Required work: Reproduce the entries below exactly, but only from the line containing "(Sheet Music PDF)" to the line containing "1747年《行穰帖》被收入乾", inclusive.

Material supplied:
--
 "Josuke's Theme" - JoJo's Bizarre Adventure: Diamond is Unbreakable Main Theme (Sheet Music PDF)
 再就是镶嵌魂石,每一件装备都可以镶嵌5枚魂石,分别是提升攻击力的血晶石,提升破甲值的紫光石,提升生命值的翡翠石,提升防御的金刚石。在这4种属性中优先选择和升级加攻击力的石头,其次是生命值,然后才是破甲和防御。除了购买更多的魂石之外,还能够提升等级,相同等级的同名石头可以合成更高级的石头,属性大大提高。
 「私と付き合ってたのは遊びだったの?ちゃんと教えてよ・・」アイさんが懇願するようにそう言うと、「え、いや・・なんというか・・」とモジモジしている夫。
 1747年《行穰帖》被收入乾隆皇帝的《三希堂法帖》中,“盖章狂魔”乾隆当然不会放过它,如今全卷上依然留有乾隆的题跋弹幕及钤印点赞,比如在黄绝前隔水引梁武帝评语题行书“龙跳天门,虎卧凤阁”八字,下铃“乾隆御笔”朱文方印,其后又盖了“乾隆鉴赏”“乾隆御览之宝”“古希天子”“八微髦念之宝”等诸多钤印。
--
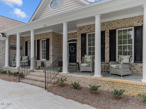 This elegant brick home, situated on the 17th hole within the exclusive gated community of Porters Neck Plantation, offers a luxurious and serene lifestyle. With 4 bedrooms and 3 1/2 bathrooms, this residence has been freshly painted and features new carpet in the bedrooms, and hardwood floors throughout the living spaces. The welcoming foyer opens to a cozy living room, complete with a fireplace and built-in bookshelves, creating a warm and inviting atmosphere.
--
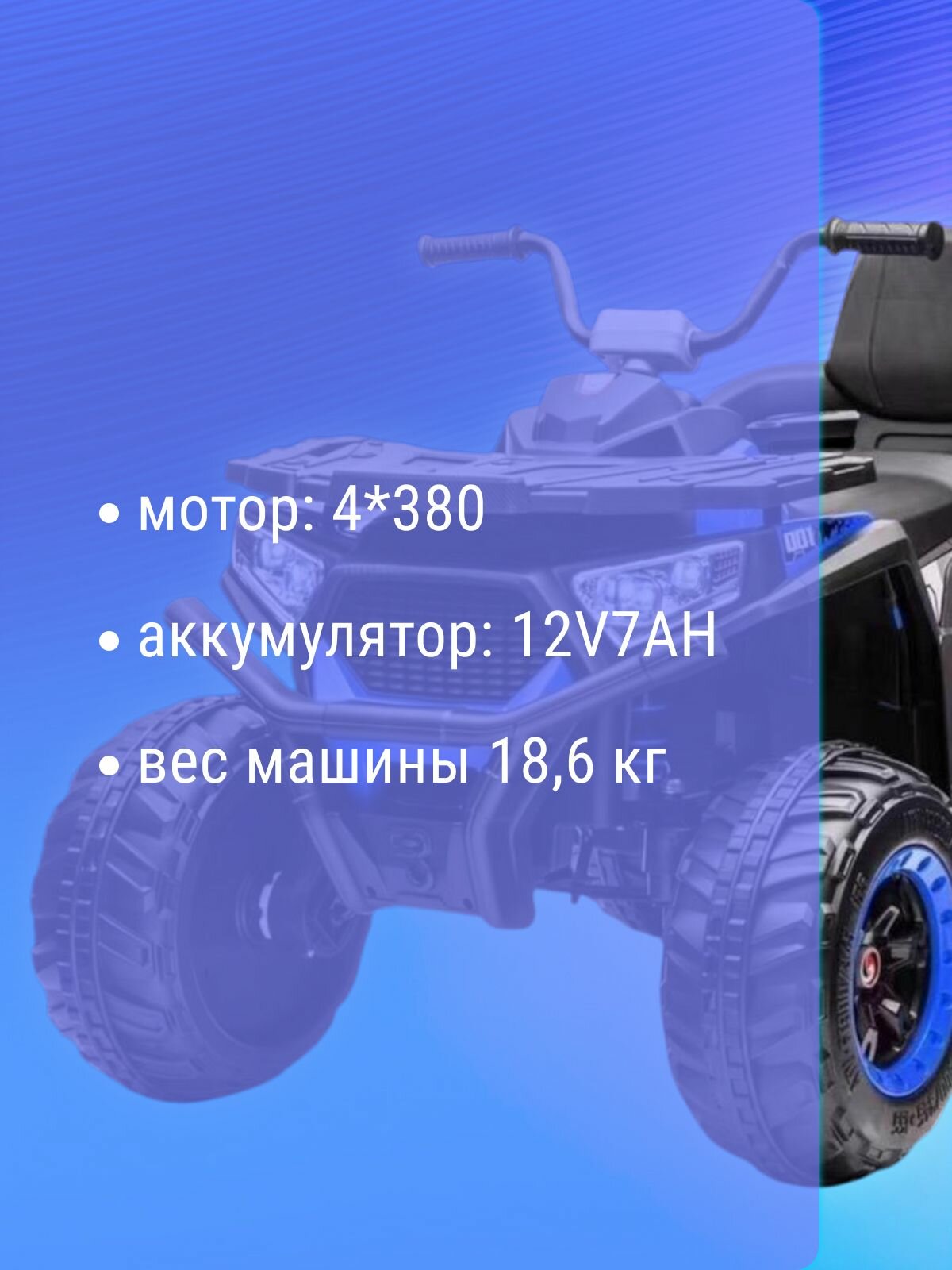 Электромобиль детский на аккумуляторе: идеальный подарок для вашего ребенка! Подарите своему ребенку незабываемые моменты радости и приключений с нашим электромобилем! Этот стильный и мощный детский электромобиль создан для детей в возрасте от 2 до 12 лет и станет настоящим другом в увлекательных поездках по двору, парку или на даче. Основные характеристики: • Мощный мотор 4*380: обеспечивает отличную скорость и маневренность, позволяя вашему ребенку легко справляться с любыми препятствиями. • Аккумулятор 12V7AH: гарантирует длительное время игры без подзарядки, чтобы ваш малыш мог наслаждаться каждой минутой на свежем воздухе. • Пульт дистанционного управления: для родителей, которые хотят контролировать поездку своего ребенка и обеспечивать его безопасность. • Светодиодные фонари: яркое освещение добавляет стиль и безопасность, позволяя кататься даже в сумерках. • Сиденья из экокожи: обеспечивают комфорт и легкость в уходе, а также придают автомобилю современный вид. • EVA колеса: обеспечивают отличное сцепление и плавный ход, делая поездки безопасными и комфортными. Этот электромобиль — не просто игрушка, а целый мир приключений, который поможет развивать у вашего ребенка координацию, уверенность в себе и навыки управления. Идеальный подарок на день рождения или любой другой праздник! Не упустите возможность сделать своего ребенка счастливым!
--
Solution:
 "Josuke's Theme" - JoJo's Bizarre Adventure: Diamond is Unbreakable Main Theme (Sheet Music PDF)
 再就是镶嵌魂石,每一件装备都可以镶嵌5枚魂石,分别是提升攻击力的血晶石,提升破甲值的紫光石,提升生命值的翡翠石,提升防御的金刚石。在这4种属性中优先选择和升级加攻击力的石头,其次是生命值,然后才是破甲和防御。除了购买更多的魂石之外,还能够提升等级,相同等级的同名石头可以合成更高级的石头,属性大大提高。
 「私と付き合ってたのは遊びだったの?ちゃんと教えてよ・・」アイさんが懇願するようにそう言うと、「え、いや・・なんというか・・」とモジモジしている夫。
 1747年《行穰帖》被收入乾隆皇帝的《三希堂法帖》中,“盖章狂魔”乾隆当然不会放过它,如今全卷上依然留有乾隆的题跋弹幕及钤印点赞,比如在黄绝前隔水引梁武帝评语题行书“龙跳天门,虎卧凤阁”八字,下铃“乾隆御笔”朱文方印,其后又盖了“乾隆鉴赏”“乾隆御览之宝”“古希天子”“八微髦念之宝”等诸多钤印。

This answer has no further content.